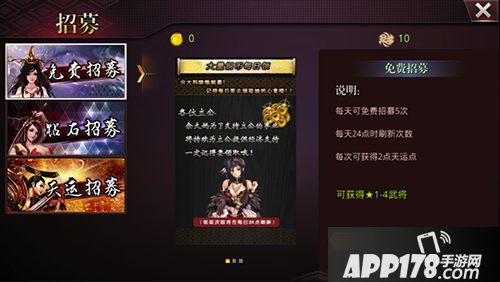 招募分为免费招募、钻石招募和天运招募;先来说说普通招募,主公们完成每日的任务,通过活跃度的提升,便可领取银币,一枚银币便可以进行一次免费招募,每次招募可以得到2点天运点。普通招募多数是2星卡,也有不低的几率能翻到3星武将的。
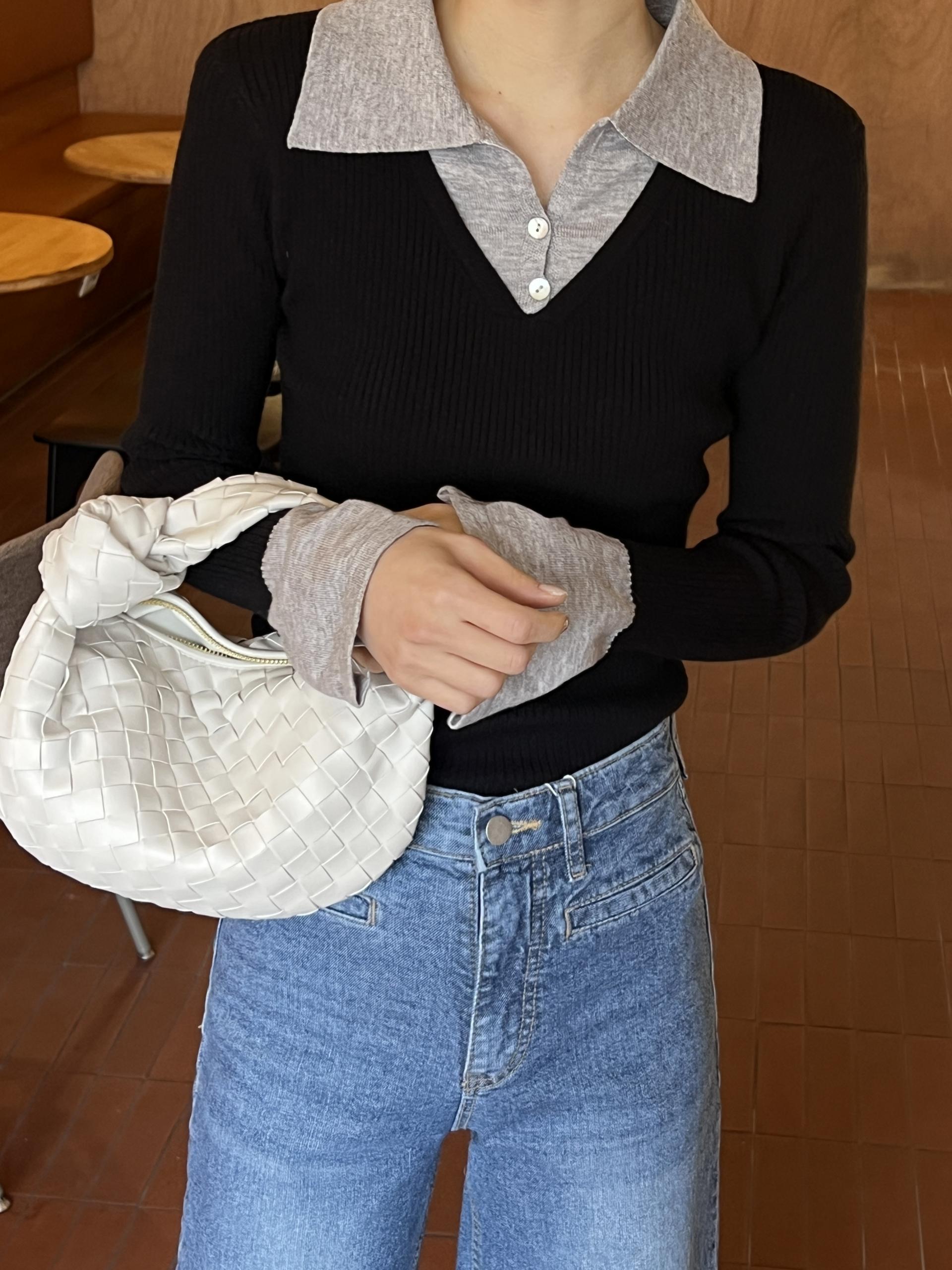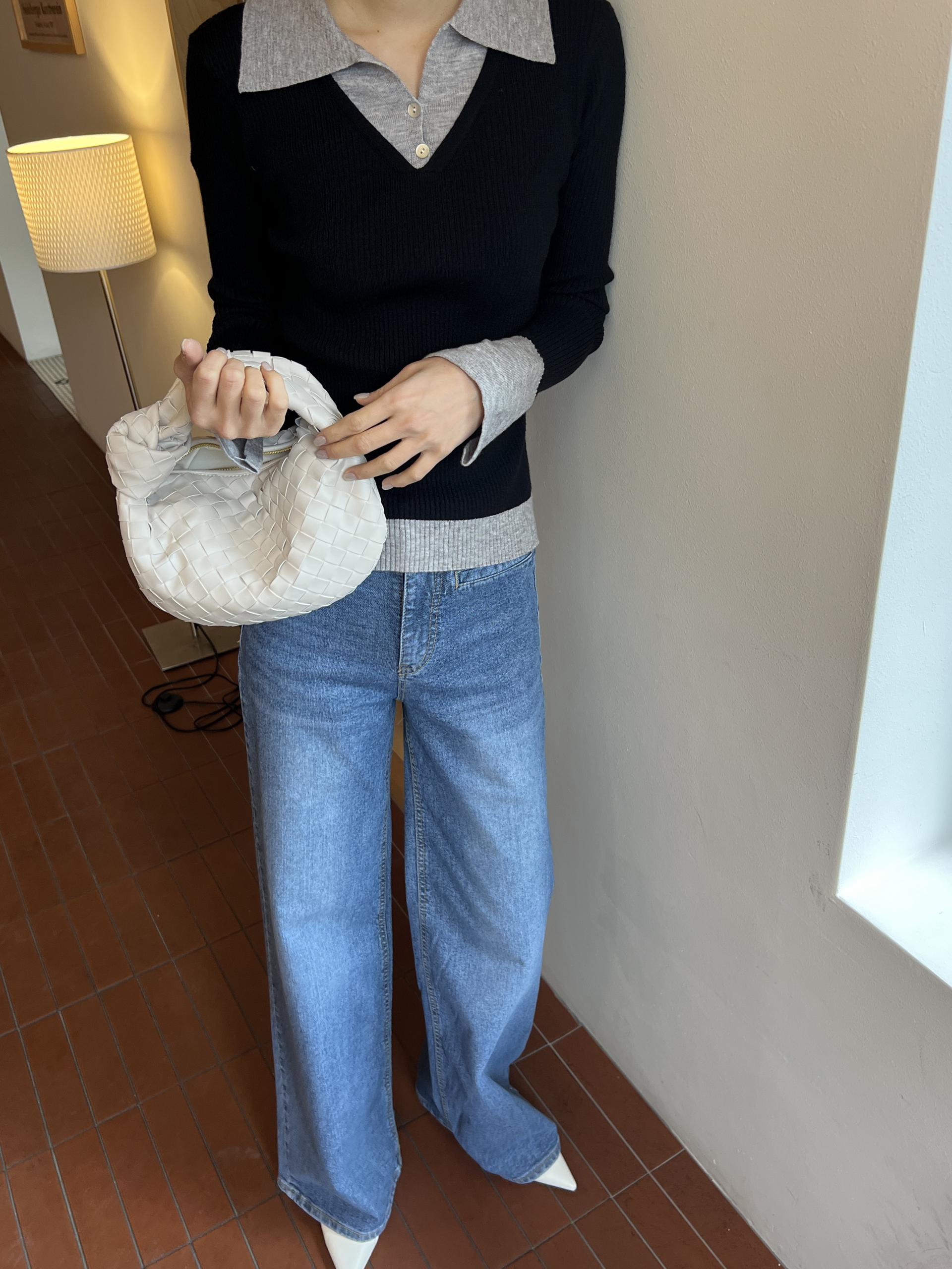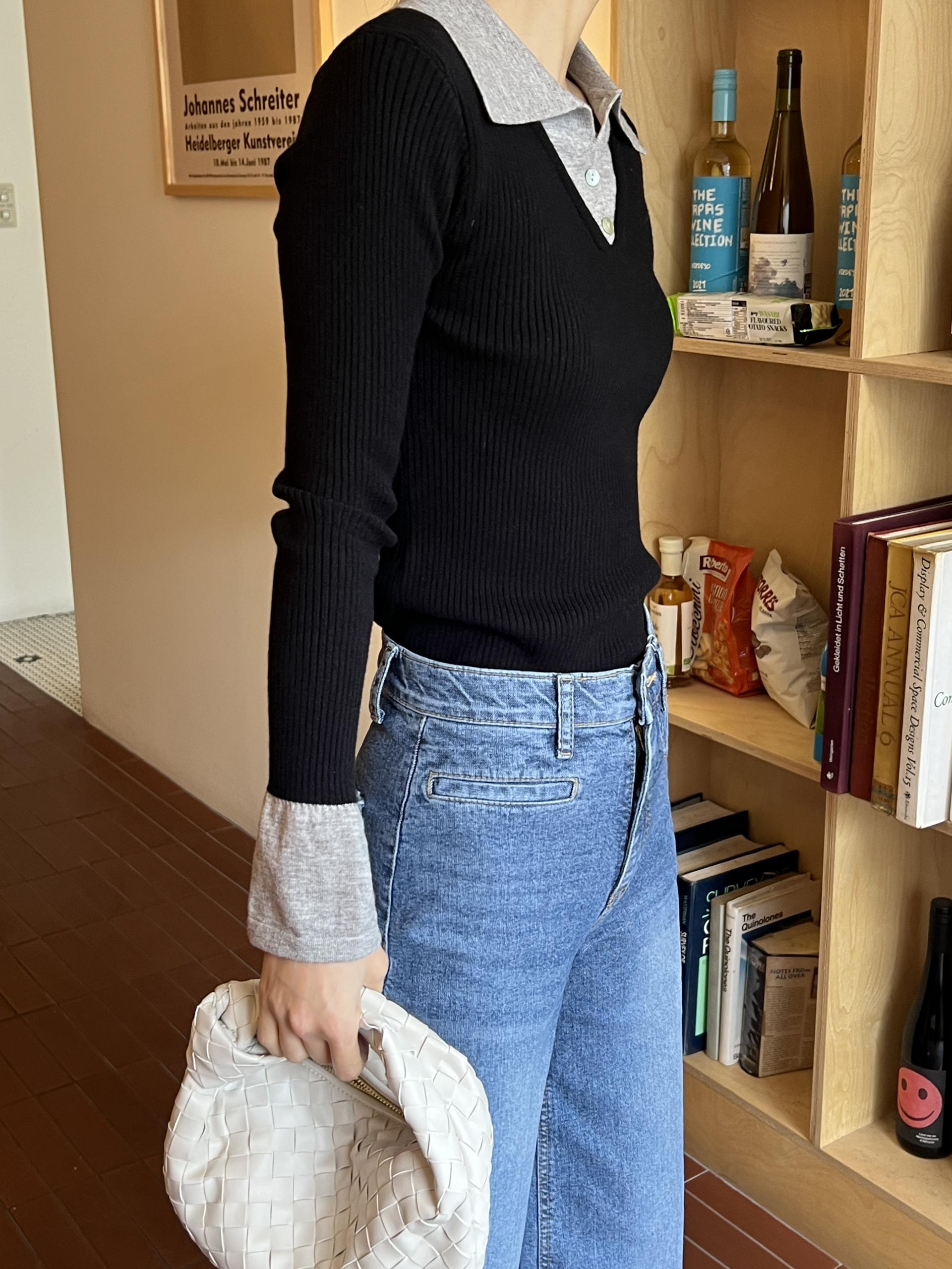카라, 소매 끝, 티셔츠 밑단과 브이넥 니트의 컬러가 서로 다른 배색 디테일로 흔하지 않고 하나로도 밋밋하지 않아 좋았어요.
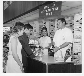 Treasure Island was one of the stops for bride and groom who talked with pharmacist Terry Reed in this 1970 photo. Treasure Island was located at Seventh and Washington streets, Steubenville.

■ **Instructions to follow**:
Exactly as they appear above, print all the lines, but not the pictures.

■ **Response for this exercise**:
 招募分为免费招募、钻石招募和天运招募;先来说说普通招募,主公们完成每日的任务,通过活跃度的提升,便可领取银币,一枚银币便可以进行一次免费招募,每次招募可以得到2点天运点。普通招募多数是2星卡,也有不低的几率能翻到3星武将的。
카라, 소매 끝, 티셔츠 밑단과 브이넥 니트의 컬러가 서로 다른 배색 디테일로 흔하지 않고 하나로도 밋밋하지 않아 좋았어요.
 Treasure Island was one of the stops for bride and groom who talked with pharmacist Terry Reed in this 1970 photo. Treasure Island was located at Seventh and Washington streets, Steubenville.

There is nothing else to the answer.